ASSIGNMENT: Could you repeat the listing below exactly while leaving its pictures behind?

AVAILABLE DATA:
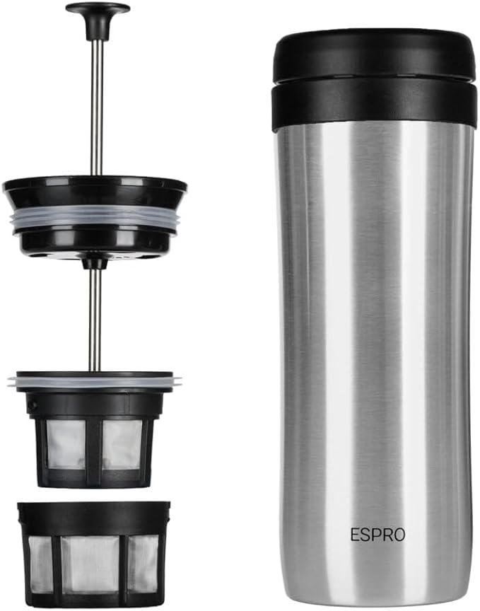 - Become a savvy coffee traveler with the ESPRO P1 travel press and no-leak mug with its double-lock lid; Brew and sip cafe-worthy coffee anywhere. With this portable coffee maker you can go to anywhere without the compromise of low quality coffee.
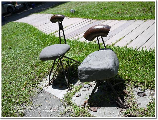 草皮上有二張石頭創作椅,阿乖說看起來很想外星人,讓他這麼一說,我突然也覺得...有像哩!
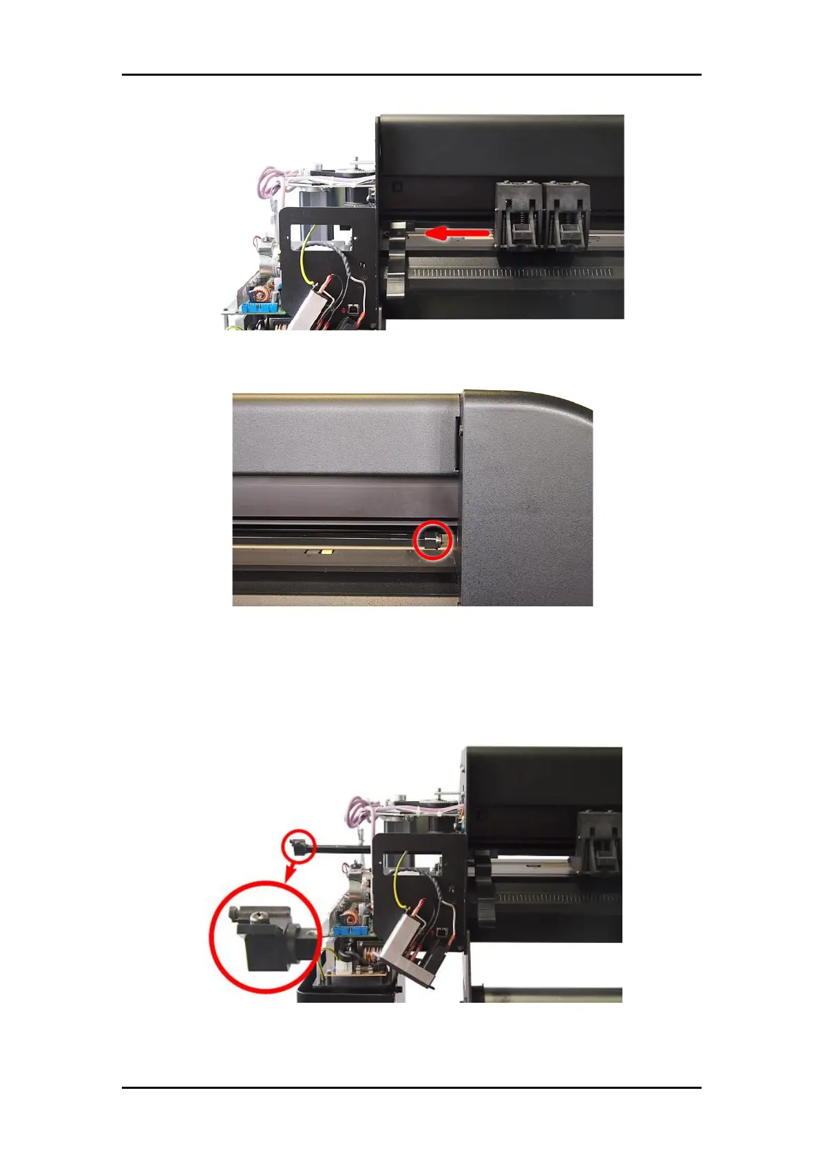 Slide the pinch roller bar out of the machine to remove the old cam handle.
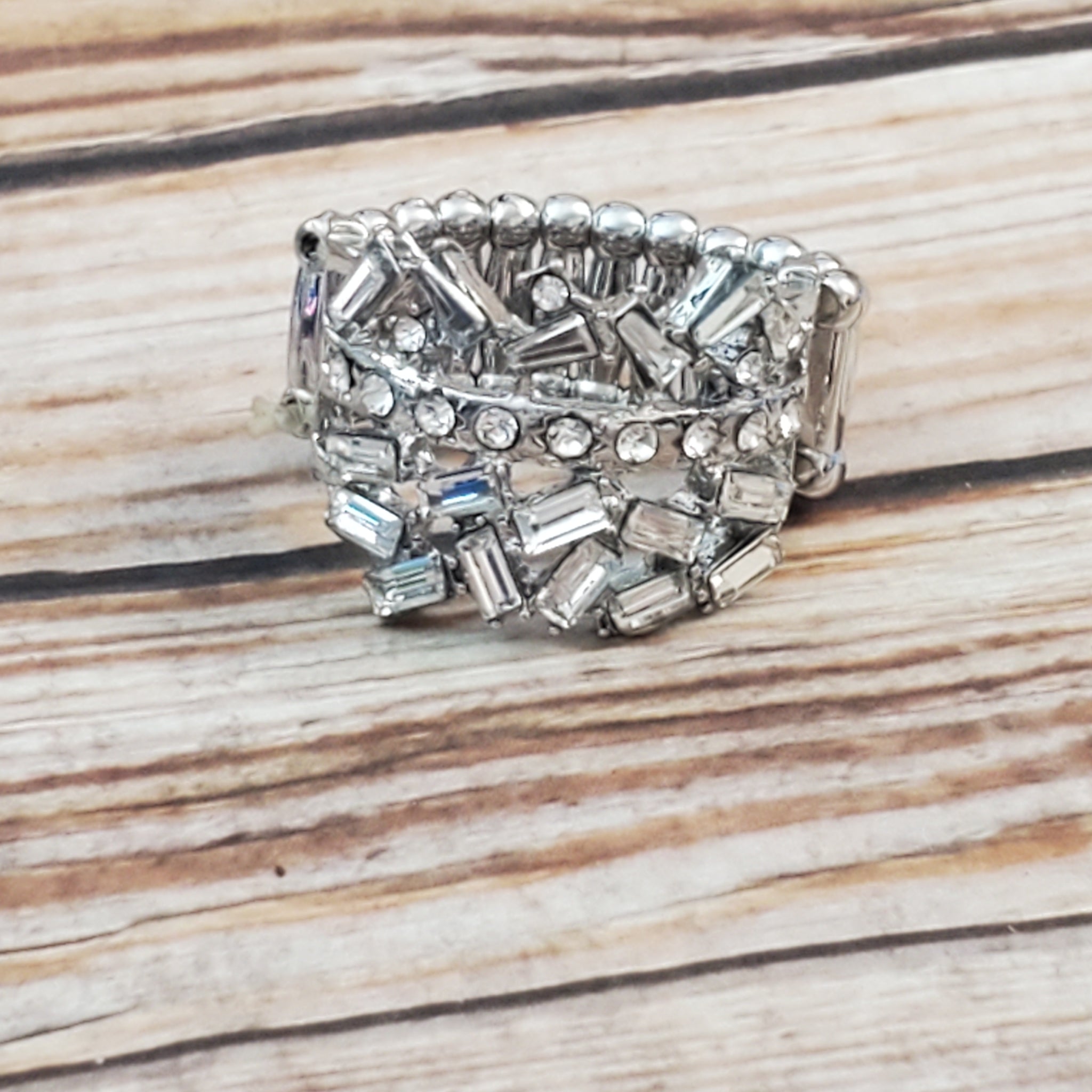 Dotted in dainty white rhinestones, a single silver band separates a haphazard explosion of round and emerald cut rhinestones across the finger. Features a stretchy band for a flexible fit.

THE COMPLETED TASK:
 - Become a savvy coffee traveler with the ESPRO P1 travel press and no-leak mug with its double-lock lid; Brew and sip cafe-worthy coffee anywhere. With this portable coffee maker you can go to anywhere without the compromise of low quality coffee.
 草皮上有二張石頭創作椅,阿乖說看起來很想外星人,讓他這麼一說,我突然也覺得...有像哩!
 Slide the pinch roller bar out of the machine to remove the old cam handle.
 Dotted in dainty white rhinestones, a single silver band separates a haphazard explosion of round and emerald cut rhinestones across the finger. Features a stretchy band for a flexible fit.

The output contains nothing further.